Data for review:
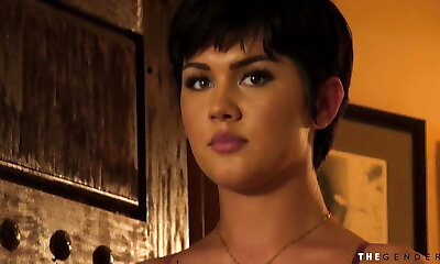 Short-haired TS Daisy Taylor rides gigantic cock in reverse cowgirl stance
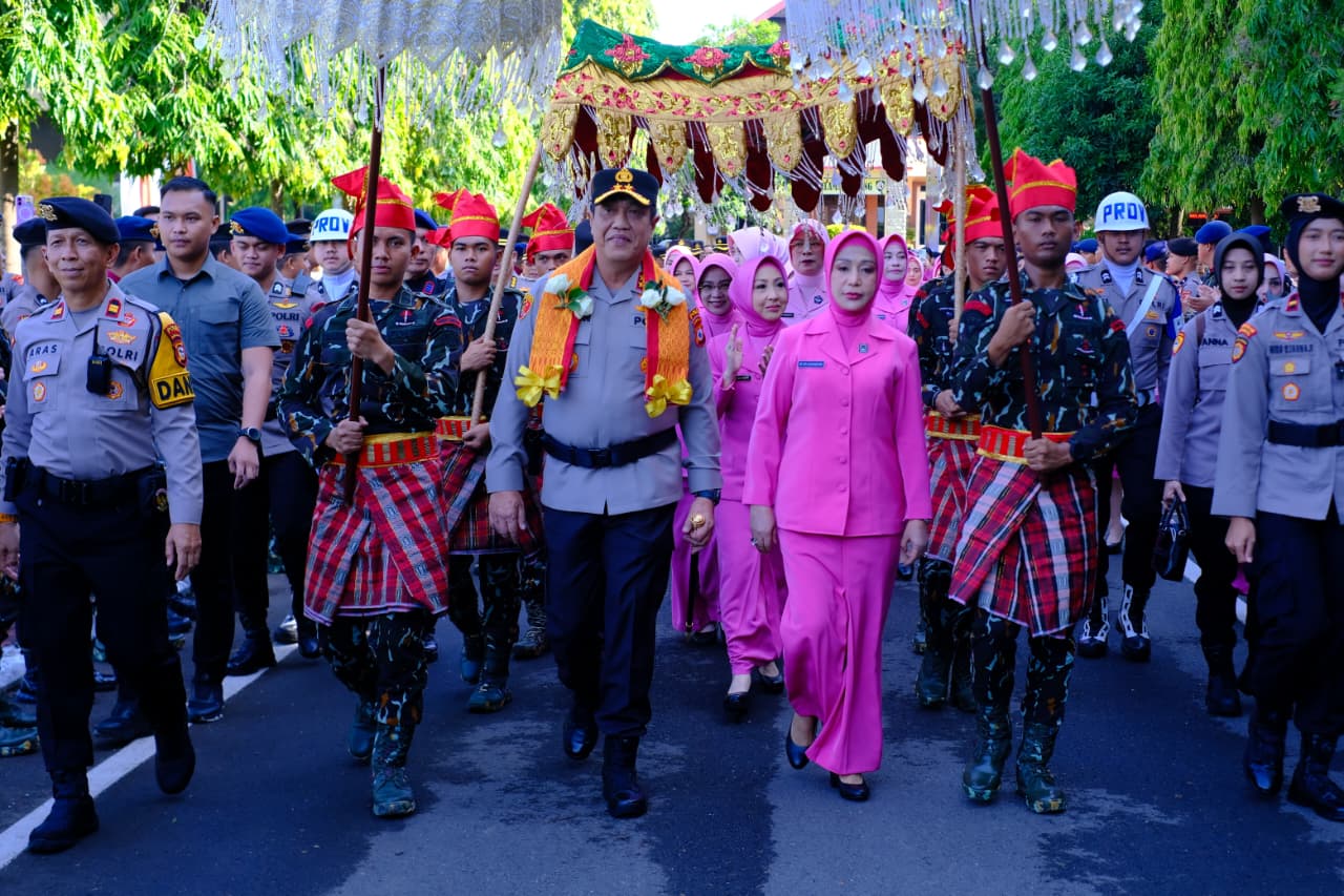 Irjen Djuhandhani bersama Ny. Upi Djuhandhani menyapa satu per satu jajaran personel Polda Sulsel yang berbaris menyambut kedatangannya.
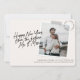 Berätta om din förlovning under det nya året med vårt enkla Spara datumfotokort med en modern beröring. Rubriken med en namnteckning stil-typografi lyder "Gott nytt år från framtidens Mr & Mrs", bredvid en fototryckt stil. Anpassa fram och tillbaka med din information.
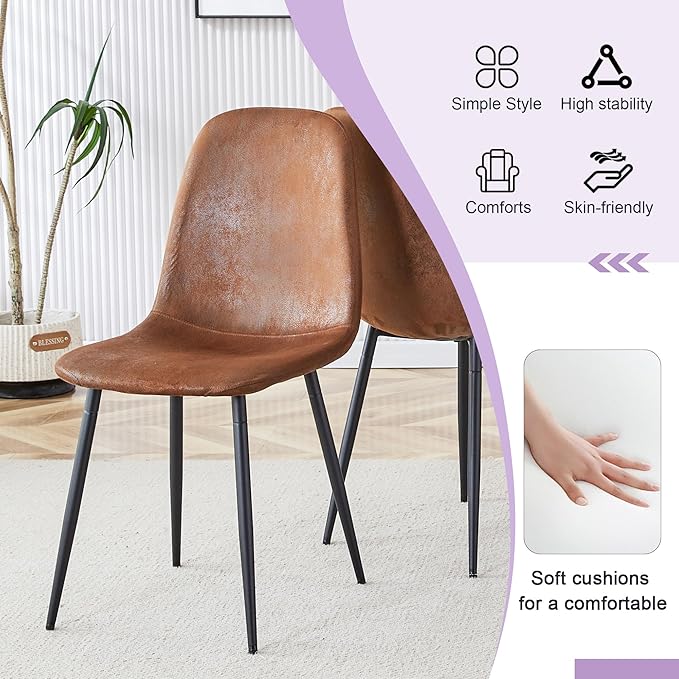 - Comfortable Suede Chairs with Cushioned Seat:Each dining chair features a high-density foam cushion wrapped in soft suede-like fabric. The ergonomic curved back and anti-slip legs provide comfort and support for long meals or gatherings
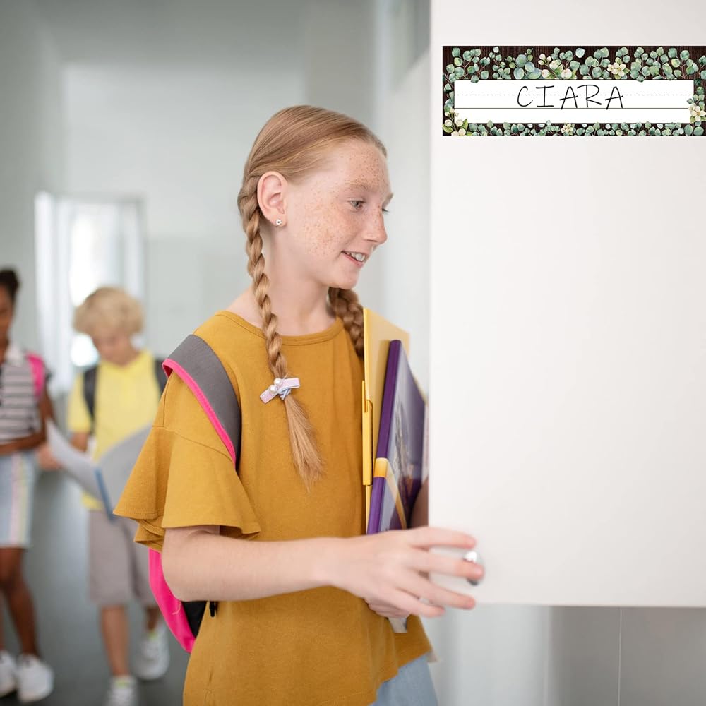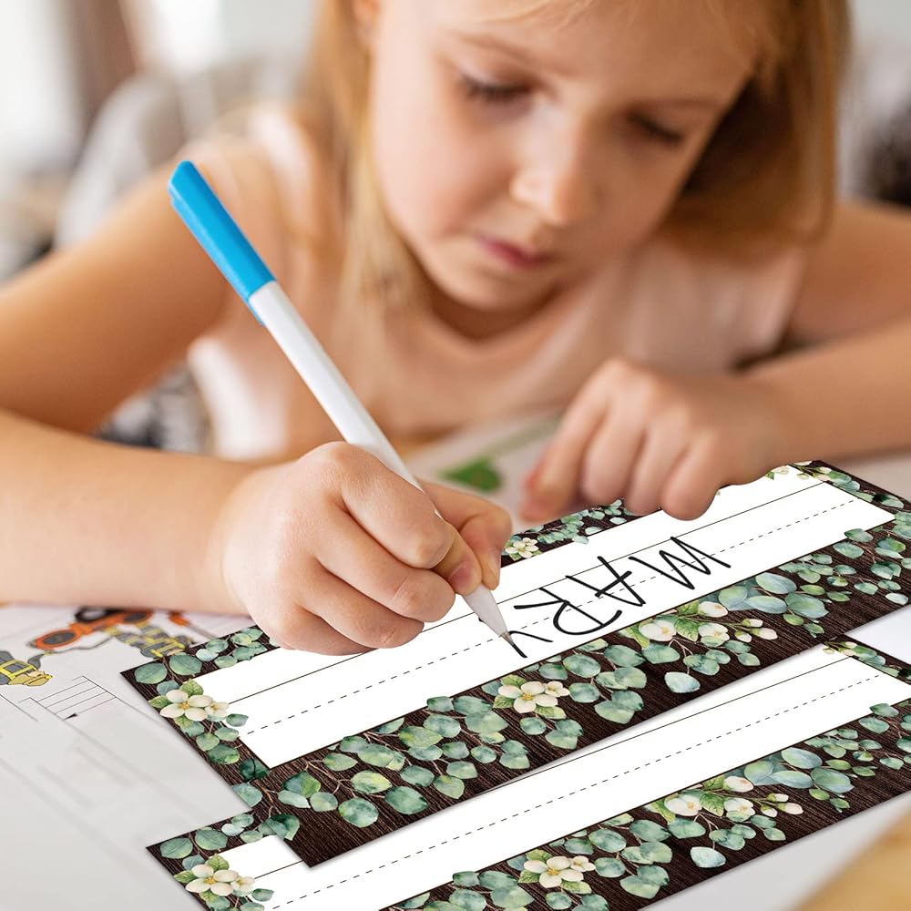 الحجم المثالي: يبلغ مقاس كل لوحة اسم 8.25 سم × 22.86 سم، مثالية لمكاتب وخزائن الفصل الدراسي، ولها مساحة كافية في المنتصف لكتابة الاسم بالكامل.

Work required: Set every record down verbatim. No pictures belong in the copy.

Result for this task:
 Short-haired TS Daisy Taylor rides gigantic cock in reverse cowgirl stance
 Irjen Djuhandhani bersama Ny. Upi Djuhandhani menyapa satu per satu jajaran personel Polda Sulsel yang berbaris menyambut kedatangannya.
 Berätta om din förlovning under det nya året med vårt enkla Spara datumfotokort med en modern beröring. Rubriken med en namnteckning stil-typografi lyder "Gott nytt år från framtidens Mr & Mrs", bredvid en fototryckt stil. Anpassa fram och tillbaka med din information.
 - Comfortable Suede Chairs with Cushioned Seat:Each dining chair features a high-density foam cushion wrapped in soft suede-like fabric. The ergonomic curved back and anti-slip legs provide comfort and support for long meals or gatherings
 الحجم المثالي: يبلغ مقاس كل لوحة اسم 8.25 سم × 22.86 سم، مثالية لمكاتب وخزائن الفصل الدراسي، ولها مساحة كافية في المنتصف لكتابة الاسم بالكامل.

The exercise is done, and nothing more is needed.